= Task to carry out =
Starting with the line below that holds "Elevate your hallway" and stopping after the line that holds "Familia Islak Havlu", transcribe the lines exactly, leaving out all pictures.

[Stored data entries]
════════════════

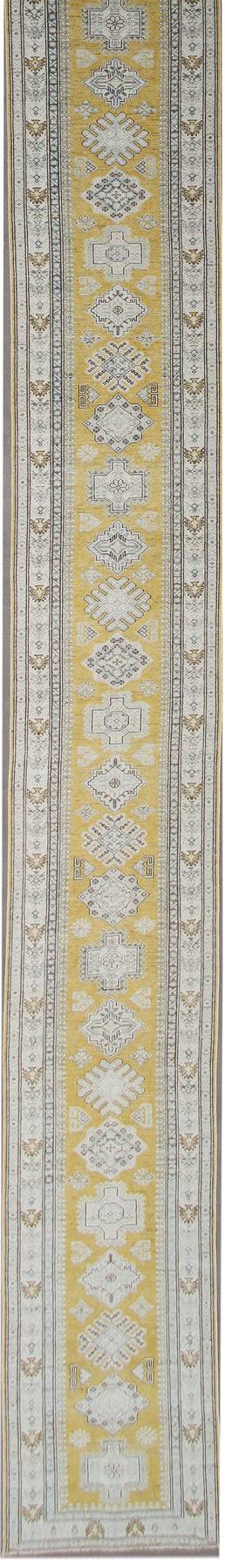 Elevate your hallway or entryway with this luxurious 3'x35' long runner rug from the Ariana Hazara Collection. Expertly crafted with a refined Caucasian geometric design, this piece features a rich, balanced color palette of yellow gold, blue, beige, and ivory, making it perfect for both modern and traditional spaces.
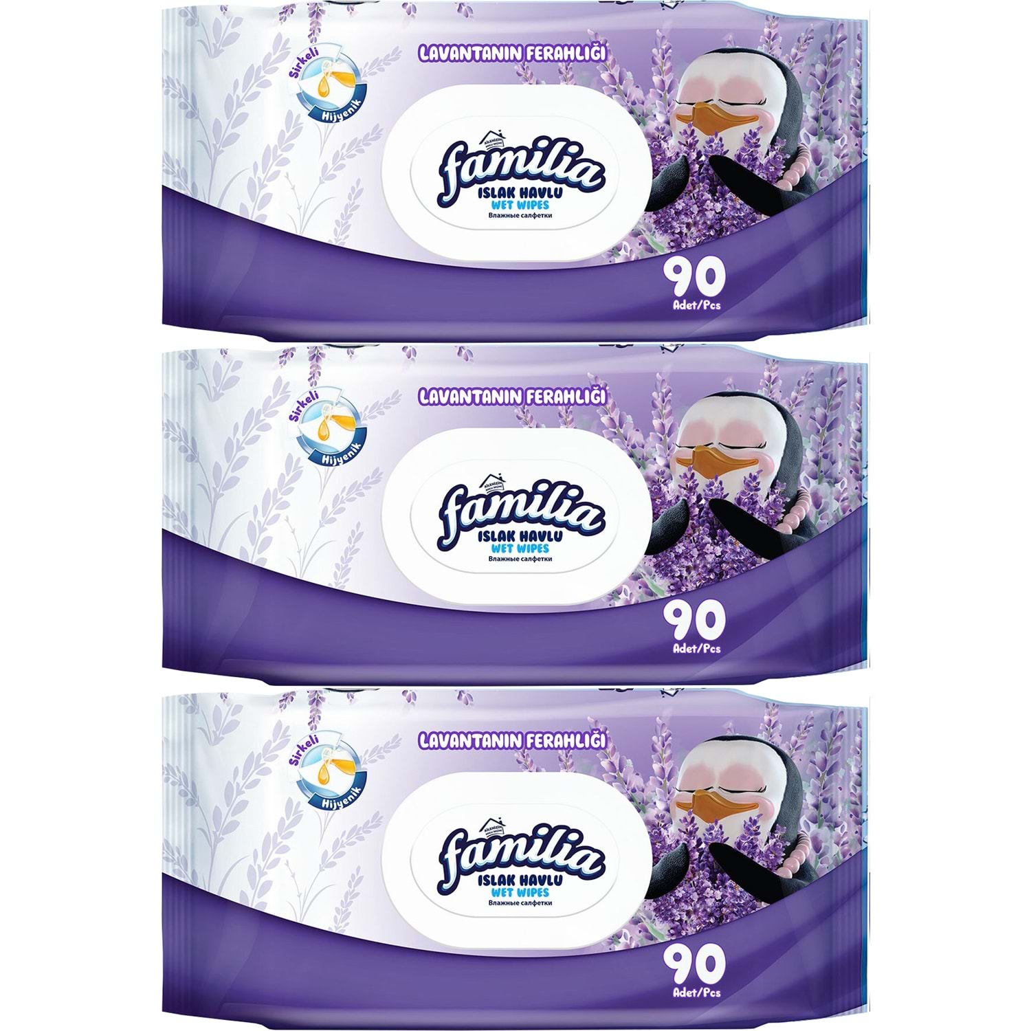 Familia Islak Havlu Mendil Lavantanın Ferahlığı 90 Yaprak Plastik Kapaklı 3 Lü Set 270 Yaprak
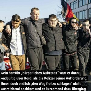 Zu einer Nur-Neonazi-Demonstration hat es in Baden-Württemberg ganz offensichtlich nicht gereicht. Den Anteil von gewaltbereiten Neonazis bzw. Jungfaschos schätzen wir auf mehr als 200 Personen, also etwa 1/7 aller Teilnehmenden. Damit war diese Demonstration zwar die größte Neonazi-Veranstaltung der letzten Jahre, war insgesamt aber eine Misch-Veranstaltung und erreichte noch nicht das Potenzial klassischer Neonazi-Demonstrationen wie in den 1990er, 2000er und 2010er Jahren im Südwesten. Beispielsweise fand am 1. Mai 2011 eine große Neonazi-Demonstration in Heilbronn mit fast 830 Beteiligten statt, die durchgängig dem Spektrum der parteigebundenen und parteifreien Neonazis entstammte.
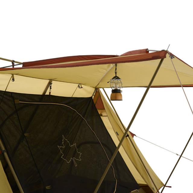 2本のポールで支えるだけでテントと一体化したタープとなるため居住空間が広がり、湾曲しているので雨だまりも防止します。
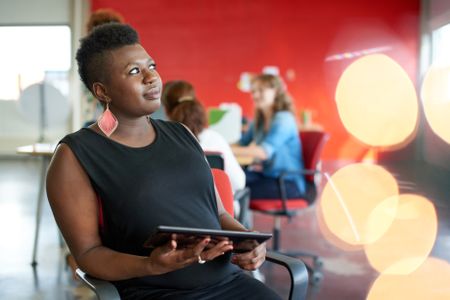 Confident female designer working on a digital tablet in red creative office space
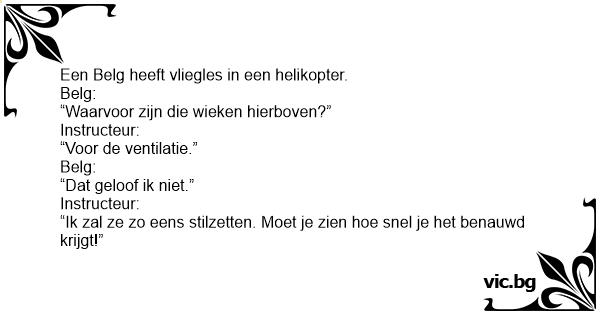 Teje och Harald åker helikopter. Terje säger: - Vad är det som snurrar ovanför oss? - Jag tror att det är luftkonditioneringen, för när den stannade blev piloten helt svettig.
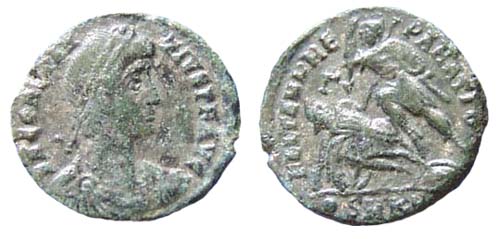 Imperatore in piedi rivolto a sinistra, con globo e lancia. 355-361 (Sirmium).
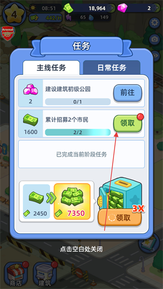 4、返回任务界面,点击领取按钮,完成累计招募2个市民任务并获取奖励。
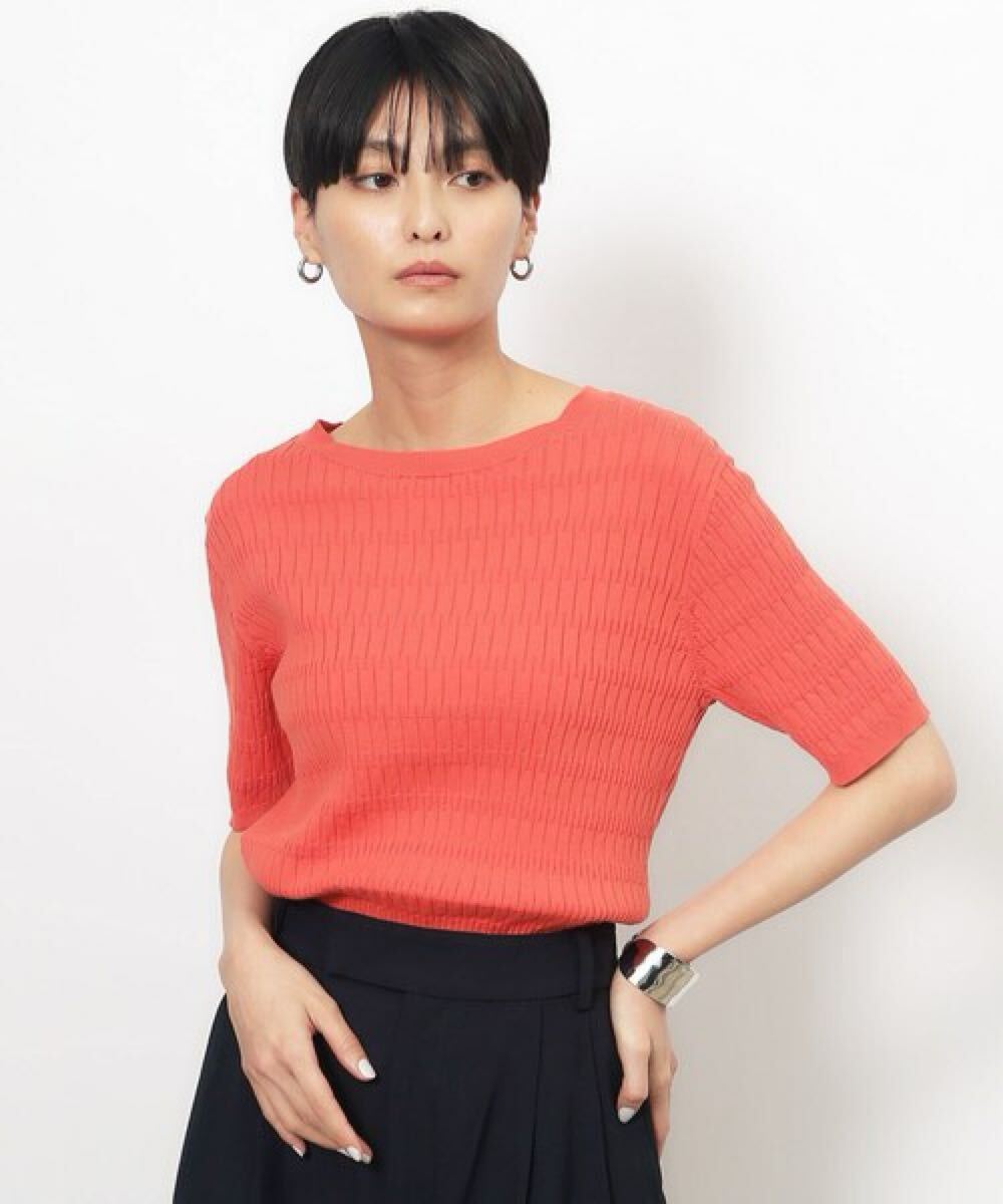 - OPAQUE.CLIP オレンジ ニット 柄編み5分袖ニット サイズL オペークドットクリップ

════════════════

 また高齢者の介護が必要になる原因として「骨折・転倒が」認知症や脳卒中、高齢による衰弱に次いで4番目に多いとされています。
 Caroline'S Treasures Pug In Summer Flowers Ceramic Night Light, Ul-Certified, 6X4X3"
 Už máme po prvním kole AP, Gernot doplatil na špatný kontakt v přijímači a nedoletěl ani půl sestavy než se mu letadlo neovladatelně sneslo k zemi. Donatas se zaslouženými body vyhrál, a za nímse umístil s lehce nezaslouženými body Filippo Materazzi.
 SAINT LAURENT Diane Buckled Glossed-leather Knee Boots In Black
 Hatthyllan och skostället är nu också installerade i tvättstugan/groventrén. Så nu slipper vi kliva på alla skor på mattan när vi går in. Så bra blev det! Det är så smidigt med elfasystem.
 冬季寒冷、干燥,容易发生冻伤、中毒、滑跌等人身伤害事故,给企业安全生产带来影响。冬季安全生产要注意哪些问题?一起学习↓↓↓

════════════════

= Task answer =
 Elevate your hallway or entryway with this luxurious 3'x35' long runner rug from the Ariana Hazara Collection. Expertly crafted with a refined Caucasian geometric design, this piece features a rich, balanced color palette of yellow gold, blue, beige, and ivory, making it perfect for both modern and traditional spaces.
 Familia Islak Havlu Mendil Lavantanın Ferahlığı 90 Yaprak Plastik Kapaklı 3 Lü Set 270 Yaprak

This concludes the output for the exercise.